Big Digital Data
Let’s start with defining what I mean by digital data. In the context of a website or web application, data is created by every web page, every click, every search, every share, every like, every purchase, every video viewed, in fact every single tiny activity on the web generates data. And all these are human activities; data is also generated when one computer or device talks to another. And all these activities multiplied by the 3 billion+ internet users and the amount of data being generated is unfathomable.
Most of us are only concerned with data generated by our own websites. But even for a simple website with modest visitor numbers, there’s still huge volumes of data generated. Fortunately, as the amount of data being generated has multiplied, so to has our ability to collect, organize and analyze it.

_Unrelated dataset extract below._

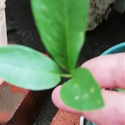 4.盆土缺镁,由下至上叶片边缘和中部失绿变白;
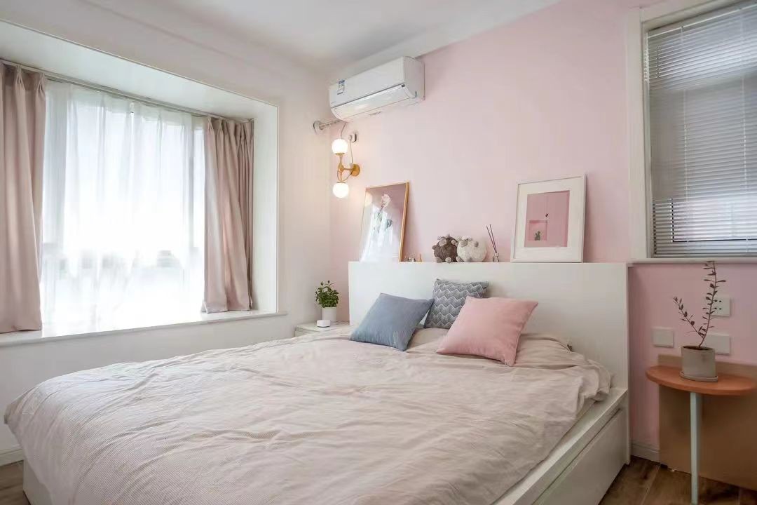 主卧少女心炸裂,粉色的床头简约与浪漫两种气息,在主卧空间和谐共处。

The amount of data available can quickly become overwhelming and it’s easy to get lost in it. But there are real insights to be discovered within, if you can just work out how to get at them. In their excellent book Lean Analytics Alastair Croll and Benjamin Yoskovitz do an excellent job of explaining how to just focus on the few valuable metrics that matter. They explain that some metrics really matter whilst other metrics are simply vanity metrics. A vanity metric might make us feel good such as total sales, but on their own, they offer little or no insight as to how we might improve. The metrics that matter are those that provide insights that incite change. And by change we mean changes designed to improve performance. No matter what our digital ambitions are, I’m sure we’re all interested in improving our performance.
Changing How Decisions are Made
Big data, as it’s often referred to, and our ability to read and interpret it, is fundamentally changing the way that business decisions are made. We can now rely less on pure intuition and past experience and more on empirical data driven decision making. With laser precision accuracy, a website performance can now be monitored. But more importantly, we can determine what aspects of the website are working well, and what is working less well. For example, not only is it now possible to accurately calculate the return on investment with regard to running a particular marketing campaign. But also, if it’s set up correctly, we may be able to identify from the data any common attributes shared between the visitors that responded to a campaign. If we were to discover a particular demographic that responded well, we can do more of what worked, and less of what didn’t.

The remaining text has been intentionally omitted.